Wednesday, January 16, 2013

Missing the Bull’s Eye: Holiday Sales Forecasts


Retail sales forecasts have long been a standard tool in the industry, and while many unforeseeable factors effect a retailer’s sales year-over-year, in general they’re a useful guide.  The research analysts with whom I’ve been associated over the years have done a pretty good job with such forecasts. Of course, the standard joke has always been that research guys don’t actually forecast sales - they just use a dart board.

When it comes to forecasting holiday retail sales performance, the dart board image becomes even more appropriate. Merchandise plans are in place and shelves are stocked, but there are many outside influences which retailers can’t control.
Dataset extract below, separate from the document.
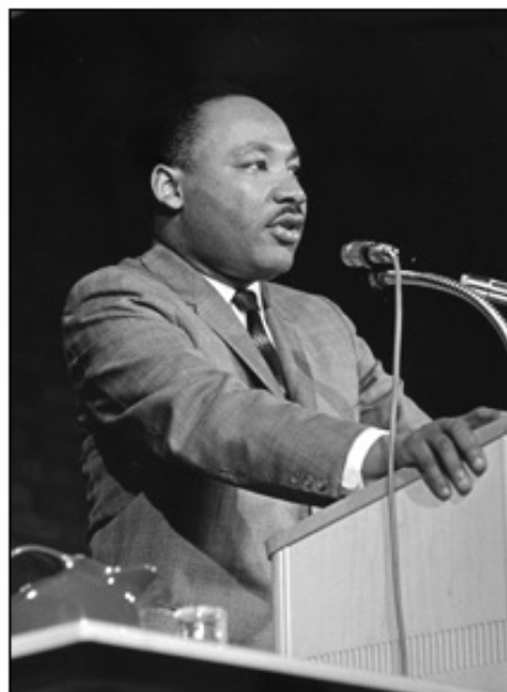
Borec za pravice črnega prebivalstva Martin Luther King (1929 - 1968)

Predicting retail sales results accurately within an eight-week time frame is not really very productive, and may not even be possible, which makes holiday sales forecast especially problematic. However, industry prognosticators continue to make them, tossing out predictions early in the holiday shopping season that don’t hold up by the end of the season – and missing that dart board’s bull’s eye by a country mile.

Like decorating the house and wrapping presents, holiday sales predictions are just one of the things you come to expect at Christmas time. Every autumn I chuckle at article after article in the news predicting retail sales for the upcoming shopping season.  As early as September, we begin to see the holiday predictions roll out. At the end of last September, for example, Deloitte said it expected a sales increase of 3.5% to 4.0% compared to last year. That same month the International Council of Shopping Centers released its relatively conservative holiday forecast of 3.0%. And on October 2, The National Retail Federation (not surprisingly, on the high side of the forecasts) predicted a gain of 4.1% compared with last year, significantly higher than its 10-year average of 3.5%. Note that these forecasts are all positive, yet all different.

With inflation so low in recent years, predictions have fallen into a pretty tight range, and this year’s estimates were the same. Ms. Consumer had a lot on her plate when it came to planning her holiday shopping budget. With a softening economy, rising gas prices, a presidential election, and a looming fiscal cliff on the negative side, and only a slightly improving housing market and an uptick in consumer confidence on the plus side, there was at the very least considerable uncertainty about shopper demand.

So let’s flash forward a bit, and see how it all turned out: On January 2nd, MasterCard Advisors Spending Pulse reported a “gloomy” sales result of only 0.7% year-over-year compared with 2% last year. On January 5th, Thomson Reuters reported sales 3.3% higher than last year but “only because of big markdowns in the final week.” On January 9th Shopper Trak split the difference, stating a year-over-year change of 2.5%. On January 15 the NRF reported that holiday sales rose 3%, well below their predicted 4.1%. Forecasts made early in the season clearly didn’t hold up by the end of the season. How did we go from projections as high as a 4.1% gain, to results as low as a meager 0.7% gain? And that’s just this year. Next year it could all go the other way.

So what happened? Well, I repeat, predicting retail sales results accurately is not productive, and may not even be possible. This is especially true when those forecasts are influenced by Black Friday sales figures. The Black Friday phenomenon has thrown the holiday shopping season, and sales forecasts for the holiday season, way out of whack.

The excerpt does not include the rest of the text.